Top of Data supplied
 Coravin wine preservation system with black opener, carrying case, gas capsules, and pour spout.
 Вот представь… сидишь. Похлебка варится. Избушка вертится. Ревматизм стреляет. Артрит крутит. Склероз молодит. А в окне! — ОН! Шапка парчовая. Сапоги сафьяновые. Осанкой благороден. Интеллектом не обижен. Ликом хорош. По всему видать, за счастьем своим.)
Bottom of Data supplied
Top of Data supplied
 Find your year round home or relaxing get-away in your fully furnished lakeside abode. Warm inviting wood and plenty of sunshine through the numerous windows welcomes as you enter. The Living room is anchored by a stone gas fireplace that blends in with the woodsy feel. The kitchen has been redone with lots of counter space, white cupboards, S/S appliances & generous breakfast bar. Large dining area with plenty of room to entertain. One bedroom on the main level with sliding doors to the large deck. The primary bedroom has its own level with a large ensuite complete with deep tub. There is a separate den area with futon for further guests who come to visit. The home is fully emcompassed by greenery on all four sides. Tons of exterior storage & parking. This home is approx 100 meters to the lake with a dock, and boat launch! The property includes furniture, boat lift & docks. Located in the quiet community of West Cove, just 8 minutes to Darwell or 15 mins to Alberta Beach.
Bottom of Data supplied
* [What you need to do] Could you transcribe the entries above word for word, from the line with "Coravin wine preservation" down to the line with "Вот представь… сидишь.", keeping both?

* [Task response]
 Coravin wine preservation system with black opener, carrying case, gas capsules, and pour spout.
 Вот представь… сидишь. Похлебка варится. Избушка вертится. Ревматизм стреляет. Артрит крутит. Склероз молодит. А в окне! — ОН! Шапка парчовая. Сапоги сафьяновые. Осанкой благороден. Интеллектом не обижен. Ликом хорош. По всему видать, за счастьем своим.)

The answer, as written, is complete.